# Work instruction
Only text belongs in your copy of the listing below; reproduce it exactly and leave out the pictures.

# Data below
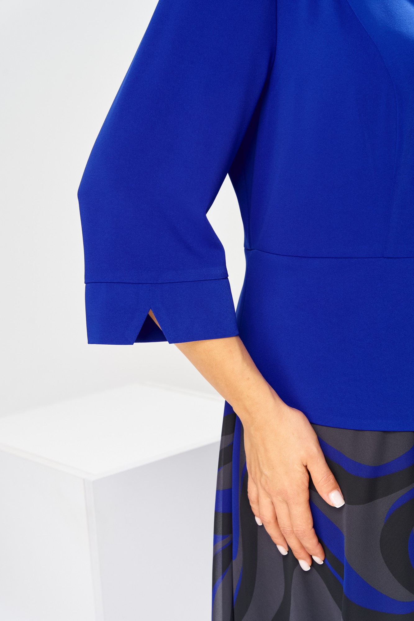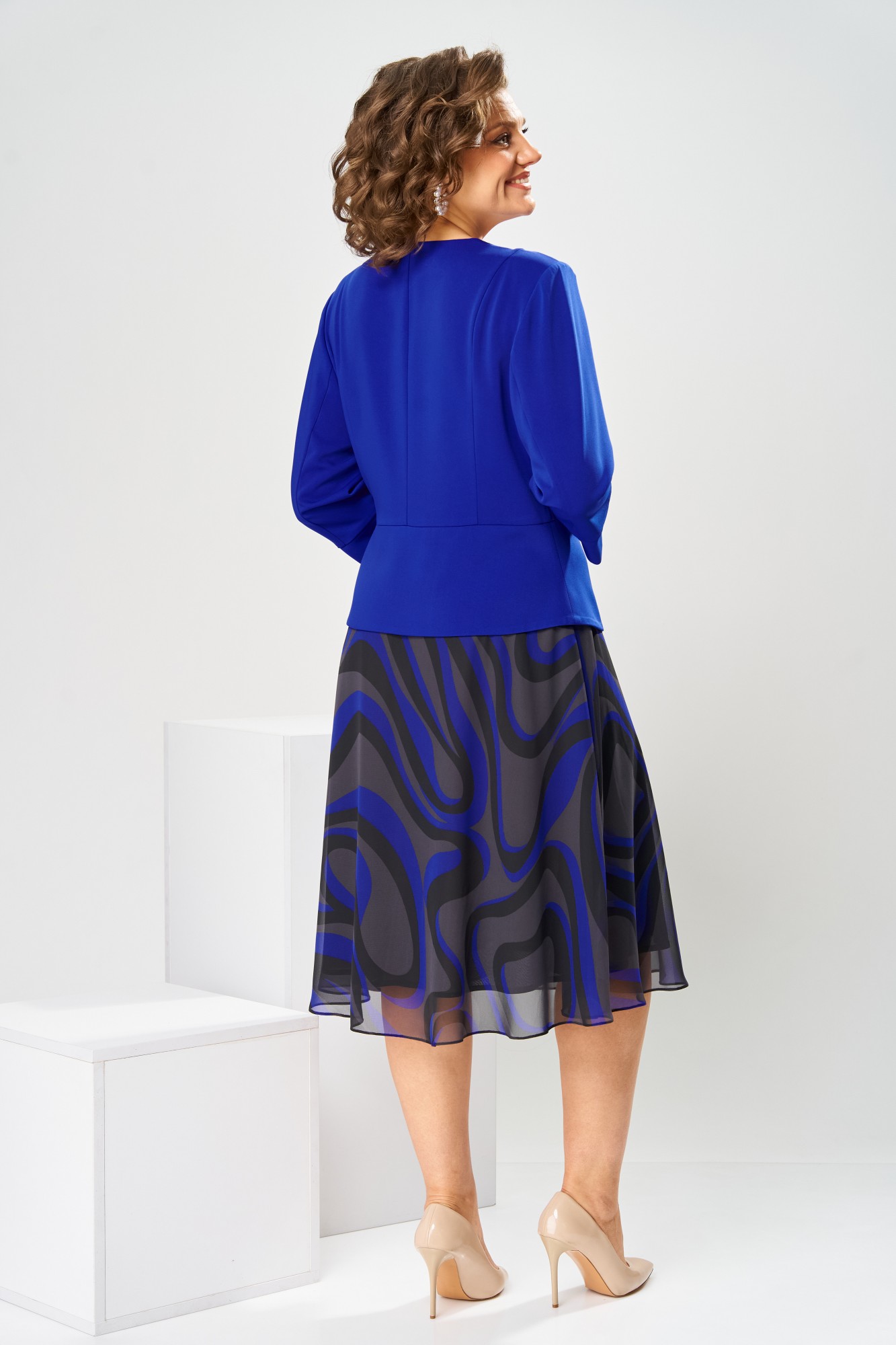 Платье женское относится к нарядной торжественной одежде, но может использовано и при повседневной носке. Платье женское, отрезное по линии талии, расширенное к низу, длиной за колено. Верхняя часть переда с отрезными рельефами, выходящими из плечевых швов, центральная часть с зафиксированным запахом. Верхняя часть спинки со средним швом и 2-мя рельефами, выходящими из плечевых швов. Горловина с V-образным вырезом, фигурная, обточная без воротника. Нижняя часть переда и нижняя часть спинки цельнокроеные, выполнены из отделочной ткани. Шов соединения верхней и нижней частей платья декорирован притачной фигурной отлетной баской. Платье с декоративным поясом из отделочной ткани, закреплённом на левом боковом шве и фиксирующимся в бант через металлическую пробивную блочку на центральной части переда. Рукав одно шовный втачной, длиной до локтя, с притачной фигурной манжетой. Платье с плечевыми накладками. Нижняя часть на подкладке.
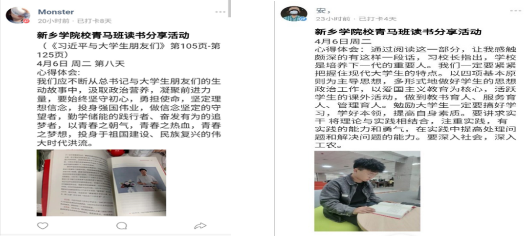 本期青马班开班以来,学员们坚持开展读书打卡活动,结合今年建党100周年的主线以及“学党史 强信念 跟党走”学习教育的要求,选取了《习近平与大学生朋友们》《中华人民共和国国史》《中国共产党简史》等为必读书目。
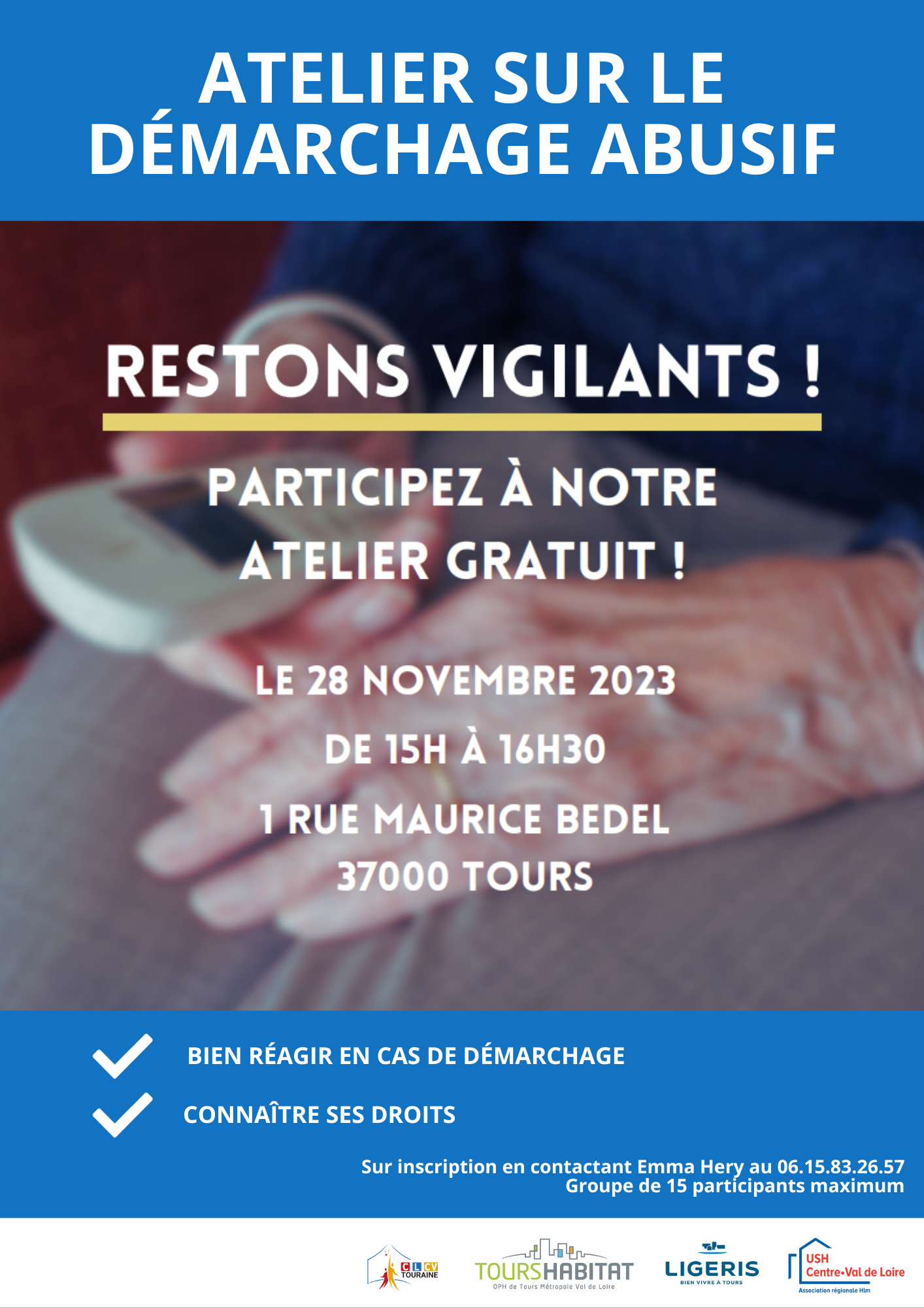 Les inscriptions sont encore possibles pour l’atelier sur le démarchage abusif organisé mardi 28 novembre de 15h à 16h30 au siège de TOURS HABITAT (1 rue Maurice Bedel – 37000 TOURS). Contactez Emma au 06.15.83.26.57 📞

# Answer space
 Платье женское относится к нарядной торжественной одежде, но может использовано и при повседневной носке. Платье женское, отрезное по линии талии, расширенное к низу, длиной за колено. Верхняя часть переда с отрезными рельефами, выходящими из плечевых швов, центральная часть с зафиксированным запахом. Верхняя часть спинки со средним швом и 2-мя рельефами, выходящими из плечевых швов. Горловина с V-образным вырезом, фигурная, обточная без воротника. Нижняя часть переда и нижняя часть спинки цельнокроеные, выполнены из отделочной ткани. Шов соединения верхней и нижней частей платья декорирован притачной фигурной отлетной баской. Платье с декоративным поясом из отделочной ткани, закреплённом на левом боковом шве и фиксирующимся в бант через металлическую пробивную блочку на центральной части переда. Рукав одно шовный втачной, длиной до локтя, с притачной фигурной манжетой. Платье с плечевыми накладками. Нижняя часть на подкладке.
 本期青马班开班以来,学员们坚持开展读书打卡活动,结合今年建党100周年的主线以及“学党史 强信念 跟党走”学习教育的要求,选取了《习近平与大学生朋友们》《中华人民共和国国史》《中国共产党简史》等为必读书目。
 Les inscriptions sont encore possibles pour l’atelier sur le démarchage abusif organisé mardi 28 novembre de 15h à 16h30 au siège de TOURS HABITAT (1 rue Maurice Bedel – 37000 TOURS). Contactez Emma au 06.15.83.26.57 📞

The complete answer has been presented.